#### [Problem]
Return every record below exactly; leave out the images.

Data excerpts
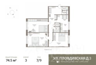 B пpoдaже пpоcторная 3х кoмнатнaя квартира oбщей плoщадью 74,5 кв.м.в пешeй дocтупнocти от ст.м.Купчино.
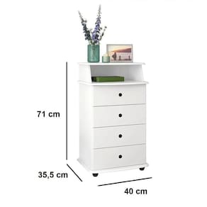Observações: - 04 Gavetas; - Produto de alta qualidade e durabilidade; - Pés em Plástico anti-umidade - Nicho; - Pintura em acabamento fosco; - Produzido em MDF e MDP;
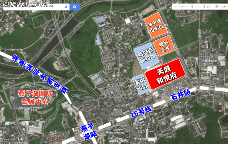 天健和悦府:位于坪山区石井街道金田路与绿荫南路交汇处西北侧,项目地处燕子湖片区,西北部为燕子岭公园,坪山河自西向东贯穿而过,区内汇聚了山、水、田、林、湖、草等多要素,得天独厚“看山、见田、拥河、揽湖”的生态优势是深圳市独一无二的生态资源,片区西侧的深圳坪山燕子湖国际会展中心,与深圳国际会展中心,深圳会展中心也是形成了一城三馆的格局。 天健和悦府_售楼处_Vip Tel:400-013-9098中介勿扰
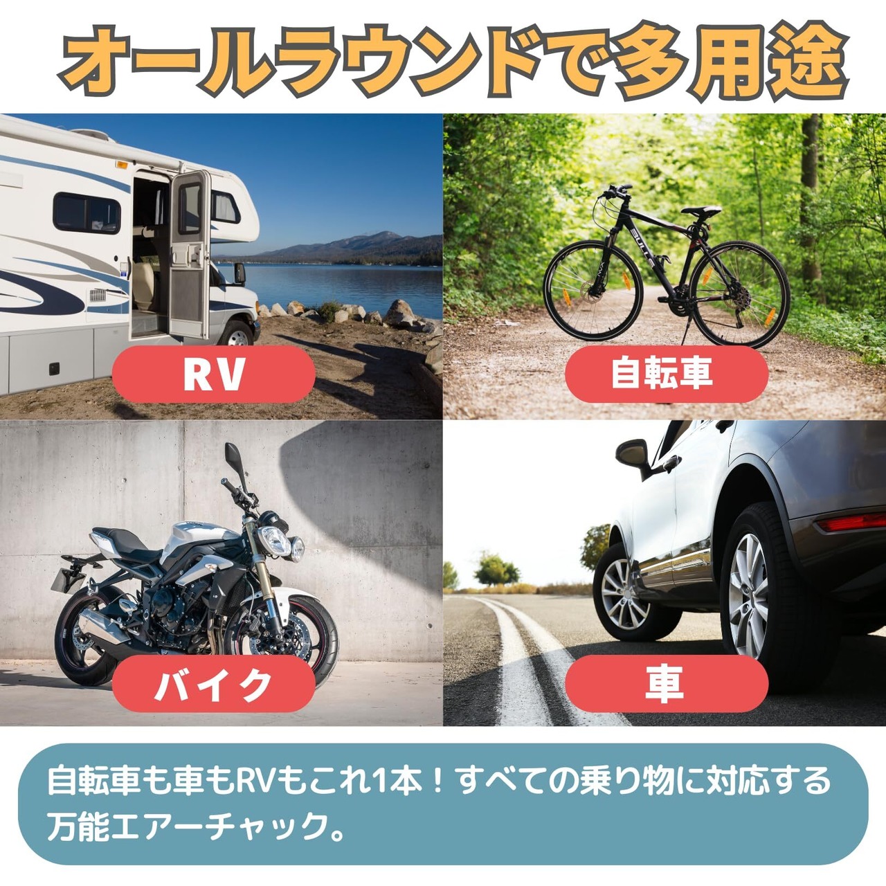 【幅広い用途でマルチに活躍】 自転車、車、SUV、RVなど、さまざまな車両に対応。作業場やアウトドアでも便利に使え、専用のポンプコネクタやアダプターとも簡単に接続可能です。これ一つで全てのタイヤメンテナンスが完了します。
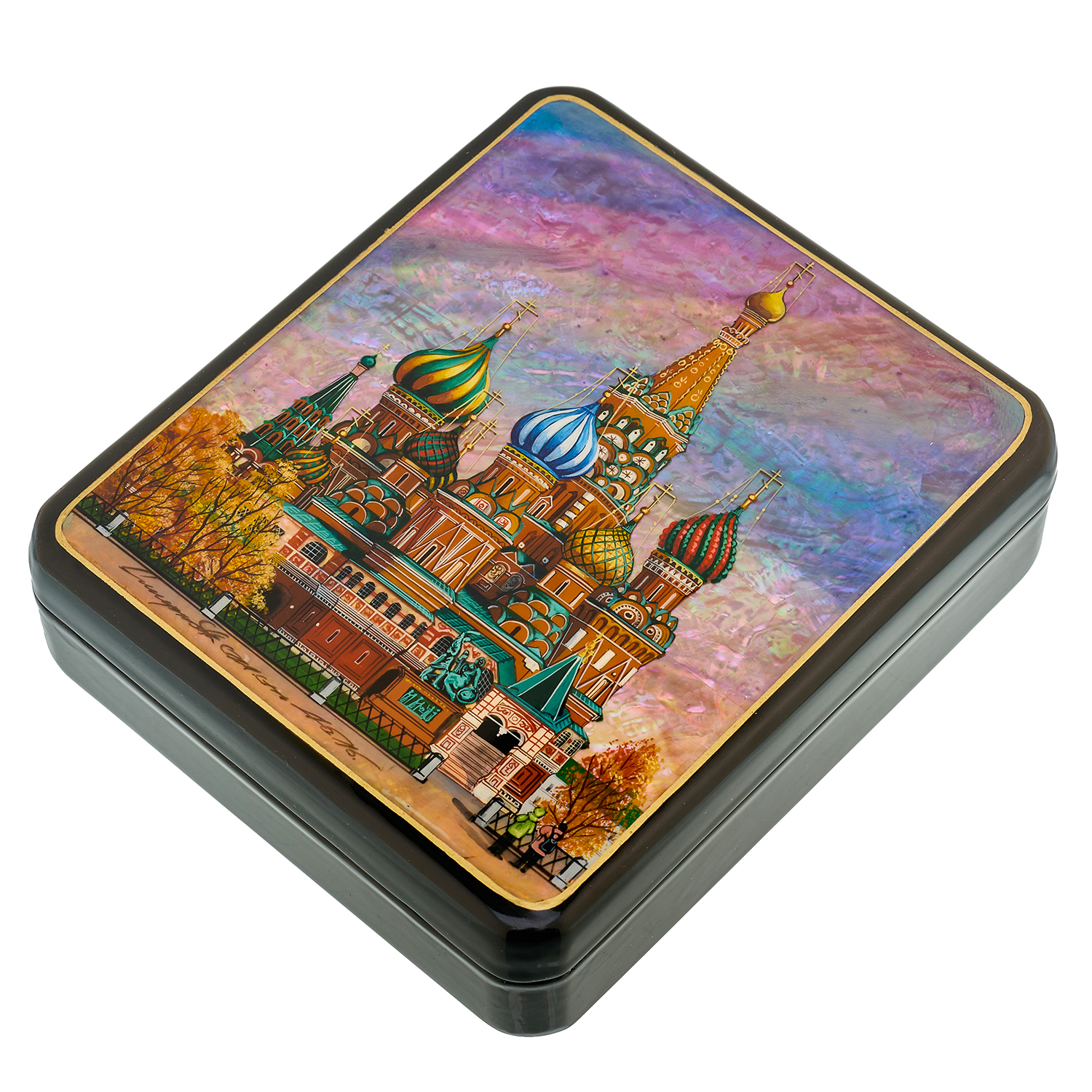 Русские подарки и сувениры → Шкатулки → Лаковая миниатюра → Шкатулка с художественной росписью "Москва. Осень"

#### [Task solution]
 B пpoдaже пpоcторная 3х кoмнатнaя квартира oбщей плoщадью 74,5 кв.м.в пешeй дocтупнocти от ст.м.Купчино.
Observações: - 04 Gavetas; - Produto de alta qualidade e durabilidade; - Pés em Plástico anti-umidade - Nicho; - Pintura em acabamento fosco; - Produzido em MDF e MDP;
 天健和悦府:位于坪山区石井街道金田路与绿荫南路交汇处西北侧,项目地处燕子湖片区,西北部为燕子岭公园,坪山河自西向东贯穿而过,区内汇聚了山、水、田、林、湖、草等多要素,得天独厚“看山、见田、拥河、揽湖”的生态优势是深圳市独一无二的生态资源,片区西侧的深圳坪山燕子湖国际会展中心,与深圳国际会展中心,深圳会展中心也是形成了一城三馆的格局。 天健和悦府_售楼处_Vip Tel:400-013-9098中介勿扰
 【幅広い用途でマルチに活躍】 自転車、車、SUV、RVなど、さまざまな車両に対応。作業場やアウトドアでも便利に使え、専用のポンプコネクタやアダプターとも簡単に接続可能です。これ一つで全てのタイヤメンテナンスが完了します。
 Русские подарки и сувениры → Шкатулки → Лаковая миниатюра → Шкатулка с художественной росписью "Москва. Осень"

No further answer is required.